2003-01-07

mishaday: (Default)
2003-01-07 11:27 am

homygodsexy

I managed to con my boss into letting me run up to the HUB and see the broadcast of Steve Jobs' keynote speech at MacWorld in San Francisco.

Two and a half hours later, I have reaffirmed my compusexuality and am now deeply in lust with the new Powerbook. 17" screen. On a laptop. Anodized aircraft aluminum case. An ambient light sensor that makes the keys on the keyboard glow when its dark enough. And that's not even getting to the innards.

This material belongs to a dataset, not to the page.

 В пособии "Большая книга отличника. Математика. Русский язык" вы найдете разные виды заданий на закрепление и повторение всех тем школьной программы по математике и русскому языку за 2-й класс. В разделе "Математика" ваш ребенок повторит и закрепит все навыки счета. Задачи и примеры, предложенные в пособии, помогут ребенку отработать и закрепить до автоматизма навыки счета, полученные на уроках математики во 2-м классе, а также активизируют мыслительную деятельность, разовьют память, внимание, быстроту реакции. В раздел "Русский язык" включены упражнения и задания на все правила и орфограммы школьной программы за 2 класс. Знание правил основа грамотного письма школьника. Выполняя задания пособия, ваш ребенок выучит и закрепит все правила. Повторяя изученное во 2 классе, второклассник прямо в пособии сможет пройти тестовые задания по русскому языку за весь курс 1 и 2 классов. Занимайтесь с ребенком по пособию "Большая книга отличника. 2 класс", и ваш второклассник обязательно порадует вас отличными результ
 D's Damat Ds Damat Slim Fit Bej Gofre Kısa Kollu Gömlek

Edit: it's just been slashdotted. Hee!
mishaday: (Default)
2003-01-07 02:37 pm

Working on the MLIS App

The answers I'm not giving on my application. (This is better than the Friday Five!)
1. Describe what you want to accomplish or achieve in your professional career.
More vacation time. I've contemplated moving to France, as their workers get 6 weeks of vacation time a year. Six weeks! Except that who really wants to live in the land of pretentious poncy foreign gits? This year I get 13 days of vacation - only two and a half weeks, and next year I'll work my way up to 14 days. It's better than nothing, but still. woo. I saw a job posting for a Librarian at the UW last week. Starting, you get 24 days of vacation a year. Almost 5 weeks! Damn skippy I wanna be a librarian.

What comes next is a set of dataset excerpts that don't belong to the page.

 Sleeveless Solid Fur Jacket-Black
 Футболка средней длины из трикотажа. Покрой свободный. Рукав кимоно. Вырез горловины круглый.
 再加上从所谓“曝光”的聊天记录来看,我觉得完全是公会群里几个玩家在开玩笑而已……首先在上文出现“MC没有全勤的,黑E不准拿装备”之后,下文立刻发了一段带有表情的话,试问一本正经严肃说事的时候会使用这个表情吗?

2. What is the single greatest challenge or opportunity facing the information professions today?
Morons. Morons are always a challenge to work with. They mistake the mouse for a foot pedal, the cd tray for a cup holder and the Internet for the font of knowledge. Fortunately, the overwhelming preponderance of morons makes the field of guru-dom ripe for intelligent, young go-getters like me.

3. What one course in our curriculum do you think you would learn the most from?
The one with the comfy chairs. Not too comfy, or I'll go to sleep, but comfortable enough that I'm not wiggling around on it like a three year old who needs to use the can.

4. Imagine you are one of two candidates for the last admissions slot for next year. On what basis should the committee decide in your favor?
Dude. I'm cute and I'm funny. Drop those boring geeks, baby, and let me take you for a ride.
Alternately, I write gay porn. How many of those do you get each year?